I have a small problem that I can’t figure out the answer for. I tried stackoverflow.com but as usual, at least for my questions there (0-5), crickets.
To summarize the problem, I have a download folder that is setup to permitAll() access and this works great.
The problem is that when the folder is empty and someone tries to get the file that should be there, rather than letting the exception happen or returning an error code, spring preempts the error and redirects to the login page, even when told to ignore resource errors. This in turn leads to a response code of 200 even though there was a problem.
I am not sure if this is a bug in spring due to the resource being outside the classpath, ie not inside the webapp or resources folder where static files usually reside or something extra I need to do to bypass the redirect.
If anyone is familiar enough with spring-boot and can help with the question, or maybe even direct me towards a different approach, Id appreciate it.
I just use java UrlConnection to grab files, no controller.
Cant update the folder, if using a controller, without restarting server every time so I went with static folder using url.
For example.
http://localhost:port/resources/file_name
All that works as expected except if there is nothing in the folder, spring takes over and redirects to login instead of letting the error code be returned.
Edit: I shouldn’t say just if empty, any error will redirect to login.
Funny thing about stackoverflow, they have parasites that do nothing but make minor edits on every post so they can grab some tiny fraction of a point rather than answering questions.
Well, I mean the REST call could serve up whatever it wants, even files on the disk… but anyway, I’m still confused about something related to your setup.
I think we don’t really have enough information to help.
If it’s redirecting to a security layer then it means there is a security domain somehow in your container… and that security domain is setup to intercept the URL (or maybe the URL for the error page).
This is default behavior for spring-boot-starter. I have a custom Exception handler but it never gets the exception so I need to figure out how to bypass this part of the security just for this directory. Its must be tough or I smell bad or something as stack has no answer for it. They may of overlooked something or I may be doing something they didn’t account for.
I think I may have to go to the source to get an answer.
Sorry @mitm I’m sure I have the answer for you but I’m not on my pc until tomorrow. I’m also home schooling my children because of this virus as well as work (I’m a self employed developer) so I’m slightly short of time right now. I will try my best to find time tomorrow.

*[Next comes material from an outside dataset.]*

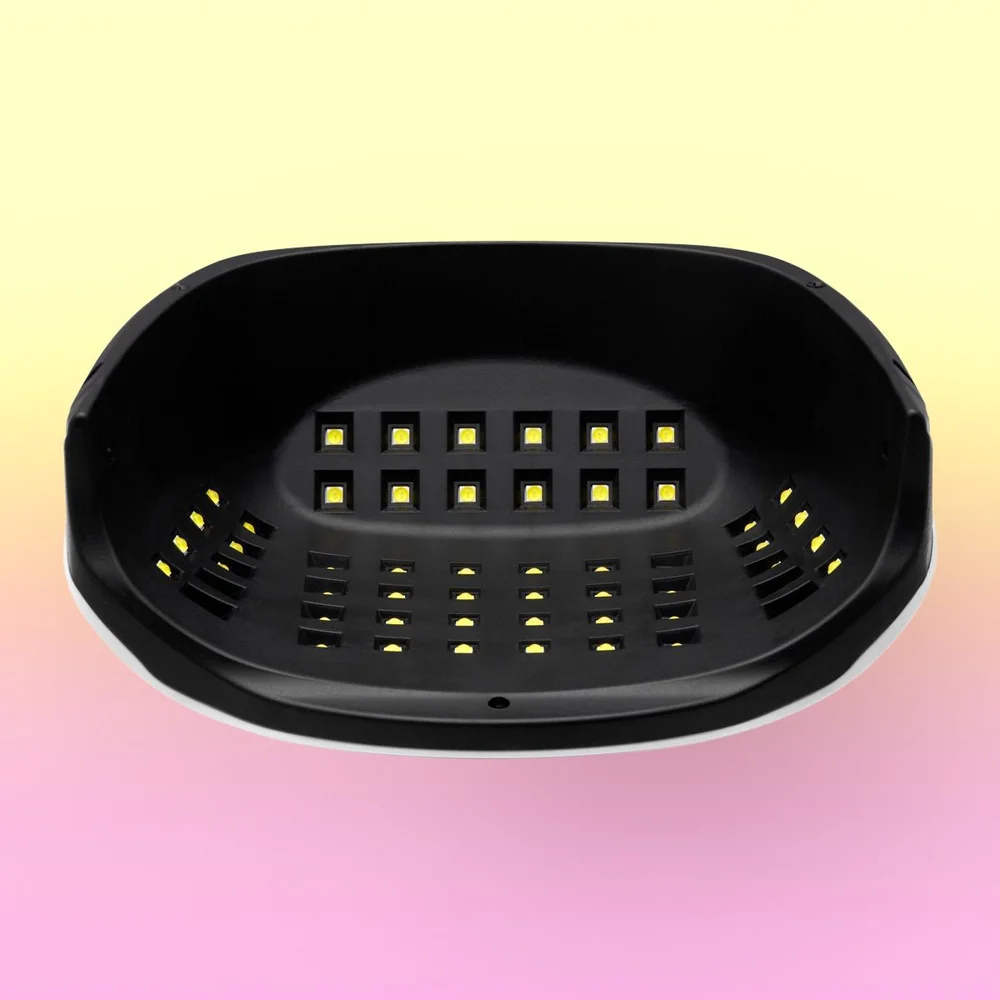 Najnowszej generacji, profesjonalna lampa UV/LED, która szybko i równomiernie utwardza wszystkie żele, lakiery hybrydowe i inne preparaty światłoutwardzalne dzięki zastosowaniu technologii dual led. Emituje białe światło, które nie męczy wzroku. Lampa C1 PLUS posiada energooszczędne źródło światła o dużej mocy i podwójnym zakresie fal 365nm i 405nm. Ponadto, 54 diody które dają łączną moc maksymalną o wartości 150W! Lampa posiada wbudowany czujnik ruchu, timer 10, 30, 60 i 90 sekund, a po uruchomieniu sensora świeci nieprzerwanie do 90 sekund. Tryb 90 sekund „Low Heat Mode” to tryb, w którym moc lampy stopniowo wzrasta co 30 sekund. Niweluje uczucie pieczenia podczas aplikacji żeli budujących. Duży elektroniczny wyświetlacz ułatwia kontrolę czasu.

On the way to re-implementing the request, I stumbled across the culprit.
Nailed it.
I am hacking on a complete server setup to make my site. In it there is a LoginPageRedirectInterceptor that implements the HandlerInterceptorAdapter preHandle method,
I thought that since this was set,
@Override
public void configure(final WebSecurity web) {
web.ignoring().antMatchers("/resources/**");
}
it was not being called but it turns out it is for redirect errors, which should of been obvious to me really,
preHandle is returning true to further process the url. If I set a false for the url, it will stop the redirect but still return and response code of 200.

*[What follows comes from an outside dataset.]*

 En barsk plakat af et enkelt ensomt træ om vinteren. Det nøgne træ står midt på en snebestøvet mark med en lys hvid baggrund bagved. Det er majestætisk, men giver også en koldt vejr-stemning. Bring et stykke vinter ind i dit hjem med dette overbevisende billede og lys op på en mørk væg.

Not sure how to safely end the redirect since this looks like it could lead to abuse if not done properly. I will go back and re implement the rest controller again and see if I can just do it that way since you say it should work and thats they way I wanted to do it from the start.
Finally got this thing down. I was going about this completely wrong as @pspeed pointed out. The controller way works excellent when setup correctly.
My original setup for the controller was flawed because I believe that static resources, under the default resources or webapp folders, only get read during startup. Thats why they wouldn’t update when changed.
My new controller uses the file system and loads from the application root folder,
final Resource resource = resourceLoader.getResource("file:updater/" + restOfUrl);
where rest of url is the path to the file, including filename. This allows my custom exception to be thrown, which allows the updater to know there was a problem.
Using the addResourceHandlers directly via an url
http://localhost:port/resources/file_name
only works if everything goes smoothly. Removed that so now you have to go through the controller. Much safer also.
I am building this as resumable download. I have the client part setup properly but am not sure if the controller is setup correctly for it. I think its close though. I will start a new thread on that part in a few days, once I finish the updater code, assuming I haven’t deleted my hard drive by then.